### YOUR TASK:
Go through the listing below and repeat it exactly, dropping the pictures.

### INFORMATION SUPPLIED:

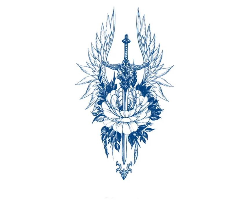 This Divine Sword Jagua Tattoo features a sharp and detailed warrior inspired design in a large 11 x 18 cm size, ideal for bold temporary body art. Made with natural jagua, it develops into a deep blue black tone on the skin and lasts for several days. Perfect for styling on the arm, back, or thigh, it adds a strong and edgy touch to streetwear, cosplay, or statement outfits.
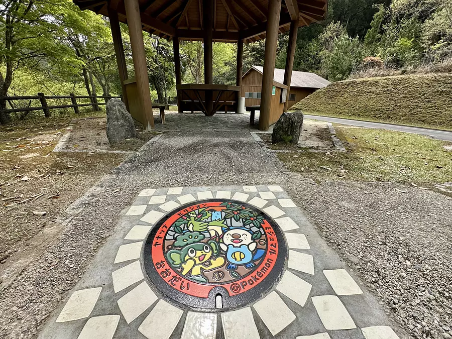 すると、東屋の手前に大台町の『ポケふた』が登場します!
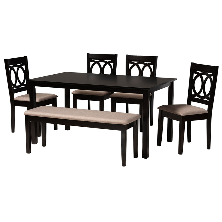 Baxton Studio Bennett Dining Set, 29-3/16inH x 59-1/16inW x 37-7/16inD, Sand/Dark Brown
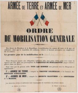 “ORDRE DE MOBILISATION GÉNÉRALE” du Dimanche 2 Août 1914 - Armée de Terre et Armée de Mer, (y compris les Troupes Coloniales) - avec drapeaux tricolores - Imprimerie Nationale.

### OUTPUT OF THE EXERCISE:
 This Divine Sword Jagua Tattoo features a sharp and detailed warrior inspired design in a large 11 x 18 cm size, ideal for bold temporary body art. Made with natural jagua, it develops into a deep blue black tone on the skin and lasts for several days. Perfect for styling on the arm, back, or thigh, it adds a strong and edgy touch to streetwear, cosplay, or statement outfits.
 すると、東屋の手前に大台町の『ポケふた』が登場します!
 Baxton Studio Bennett Dining Set, 29-3/16inH x 59-1/16inW x 37-7/16inD, Sand/Dark Brown
 “ORDRE DE MOBILISATION GÉNÉRALE” du Dimanche 2 Août 1914 - Armée de Terre et Armée de Mer, (y compris les Troupes Coloniales) - avec drapeaux tricolores - Imprimerie Nationale.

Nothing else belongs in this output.